(DATA BLOCK begins)
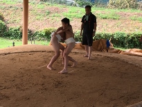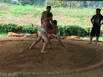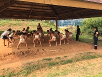 7月26日(水) 相撲の練習を紹介します。最初は四股、すり足の基礎練習、ぶつかり稽古、対戦、団体戦という流れで練習がありました。
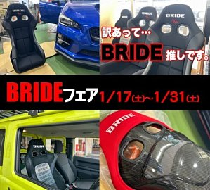 2026年1発目のBRIDEフェア!!スイフト・GRヤリス・WRX・ジムニーなどに人気です!
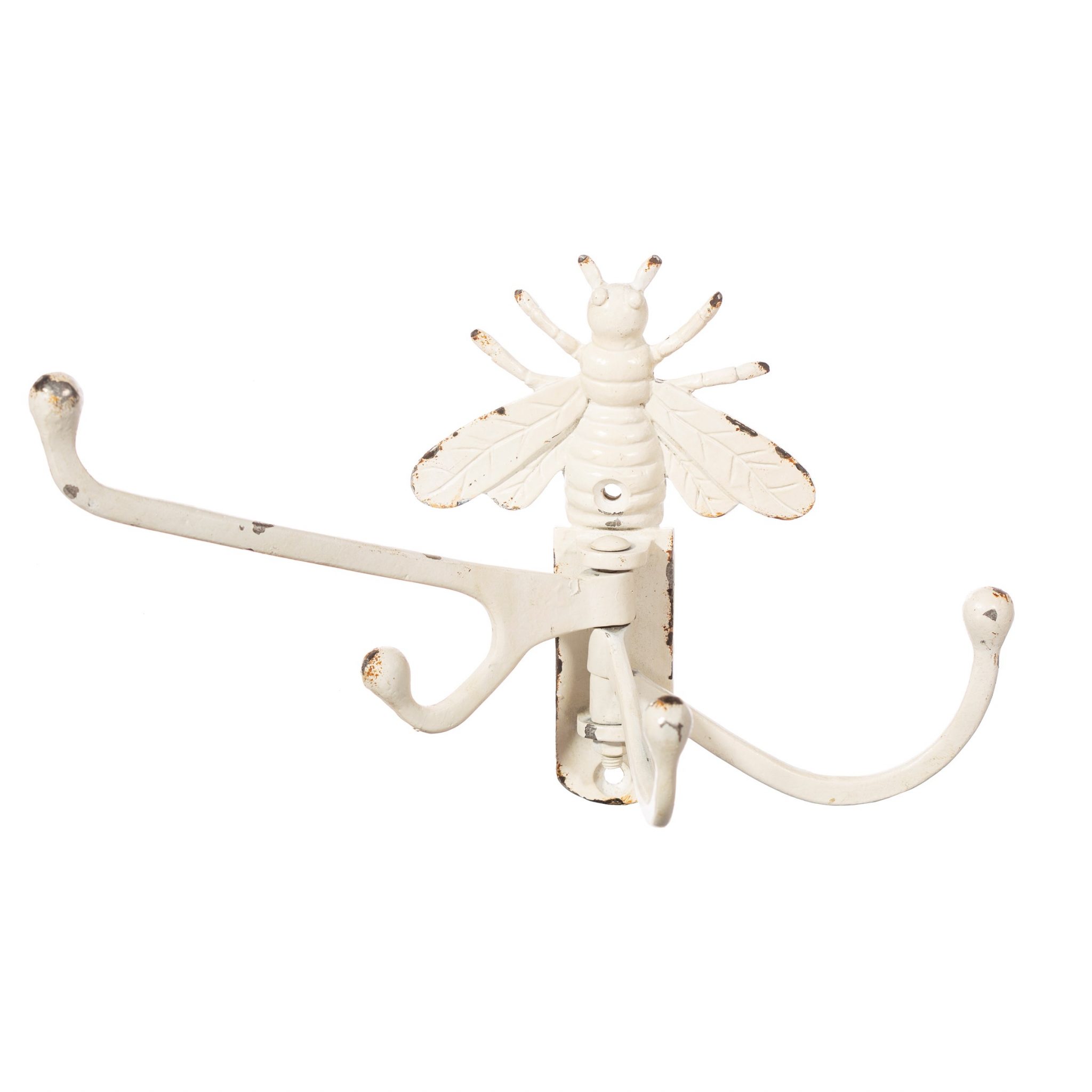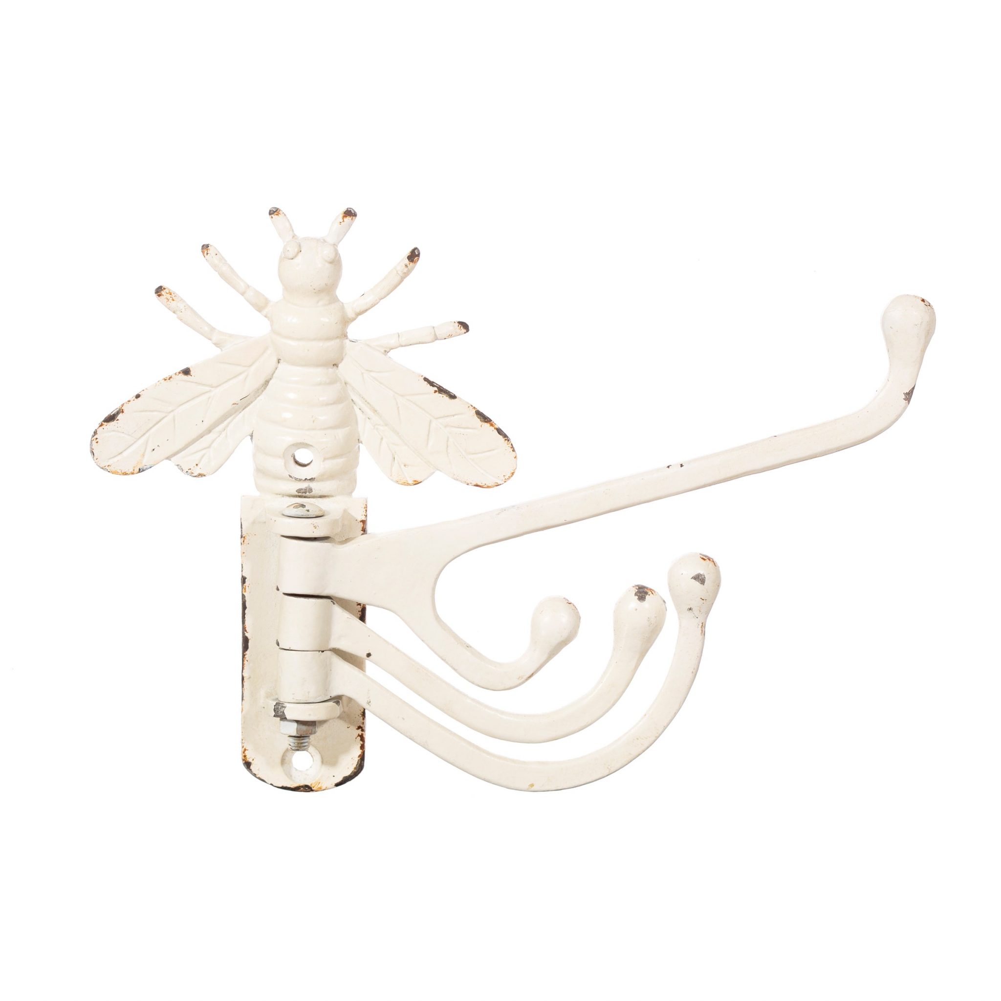 Antikvit väggkrok bi i chabby chic stil, men tre rörliga hängare. Snygg och praktisk! Passar i såväl i barnrum som hall, eller var helst du behöver en praktisk och fin inredningsdetalj. Vit krok med en sliten finish.
(DATA BLOCK ends)
# REQUIRED ACTION
With the pictures removed, copy the data above word for word.

# PROBLEM SOLUTION
 7月26日(水) 相撲の練習を紹介します。最初は四股、すり足の基礎練習、ぶつかり稽古、対戦、団体戦という流れで練習がありました。
 2026年1発目のBRIDEフェア!!スイフト・GRヤリス・WRX・ジムニーなどに人気です!
 Antikvit väggkrok bi i chabby chic stil, men tre rörliga hängare. Snygg och praktisk! Passar i såväl i barnrum som hall, eller var helst du behöver en praktisk och fin inredningsdetalj. Vit krok med en sliten finish.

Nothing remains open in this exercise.